Themenstarteram 8. Oktober 2020 um 8:15

Also im Titel steht zwar die Frage aber ich beschreibe sie hier explizit nochmal:

Ich habe einen Arbeitskollegen, der mit mir zusammen in einer Firma arbeitet.

Er hat sich vor 2 Jahren einen Ford F150 gekauft. Diesen hat er dann mit Lichtbalken (Gelb) sowie Frontblitzern (ebenfalls in Gelb) ausgestattet und als Folierung hat er dann quasi stehen "Fahrzeug Service" und halt eine einzigartige Folierung.

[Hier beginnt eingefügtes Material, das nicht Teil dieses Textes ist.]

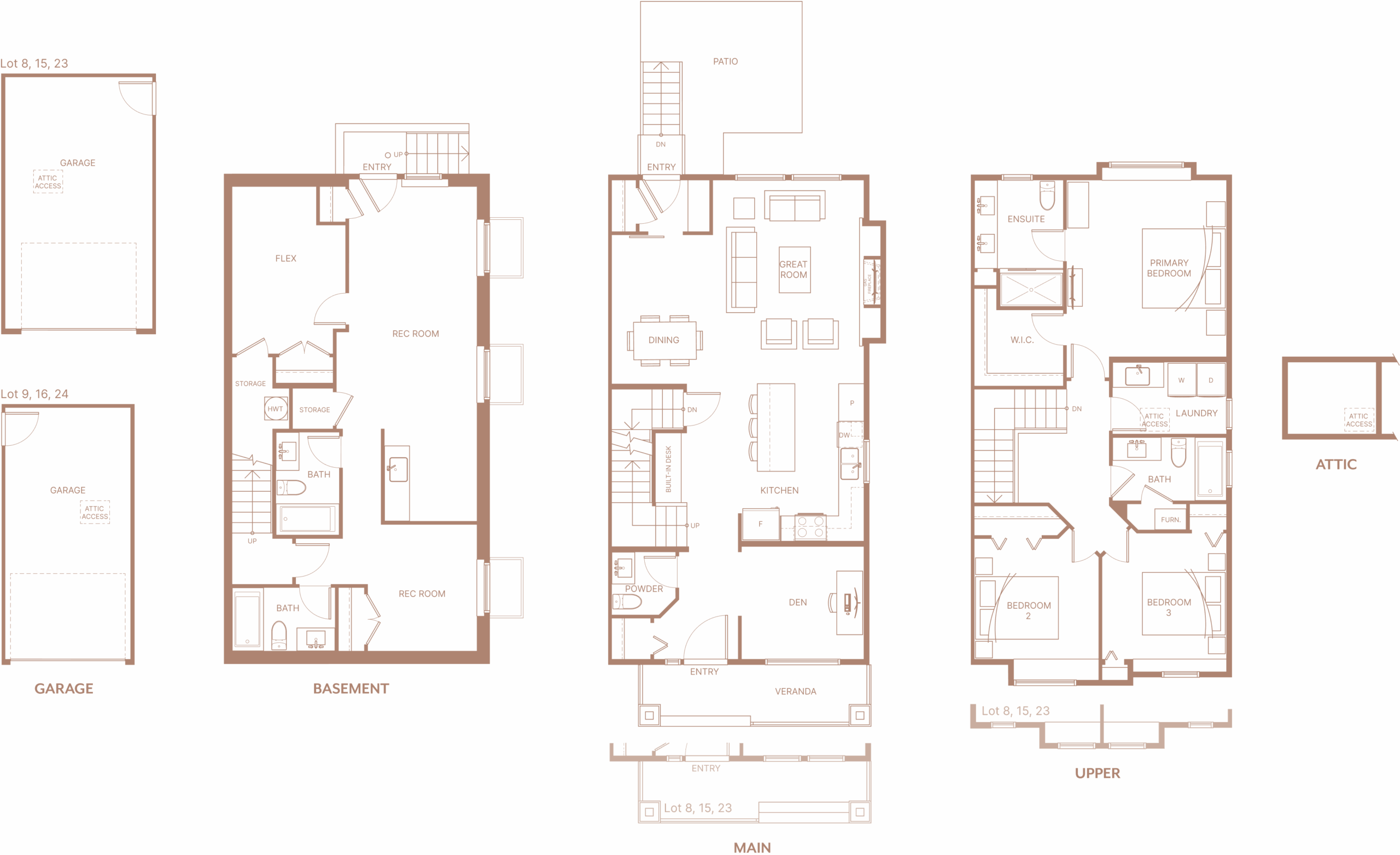Explore four versatile 3-bedroom, 3.5-bathroom layouts with flex spaces and dens, or the exclusive 6-bedroom, 6-bathroom residence. Each offers flexibility, functionality, and elegance—find the one that feels like home.

Nun in seiner Freizeit schleppt er kostenlos Fahrzeuge ab und repariert diese, wenn die beispielsweise liegen geblieben sind.

Ich habe ihn gefragt gehabt, ob das rechtens ist, meinte er, ja solange er kein Geld dafür verlangt ist das nicht Schwarzarbeit oder so und wird als Hobby gesehen. (Trinkgeld sei erlaubt). Er macht das deswegen, weil ADAC und co. die Leute abzocken und er quasi sich das nicht mit "ansehen" konnte.

Meine Frage ist jezt, ist sowas wirklich erlaubt?

Weil würde das gerne auch machen, sofern es erlaubt ist.

Im netz finde ich nicht wirklich was, außer das Gelbes licht wohl nicht erlaubt ist, was aber in meinen Augen absoluter bullshit ist, da Gelbes licht weder den Rettungsdienst noch eine andere Organisation widerspiegelt und gelbes licht kein Sondersignal in dem Sinne ist. Also ist das schon mal abgehackt.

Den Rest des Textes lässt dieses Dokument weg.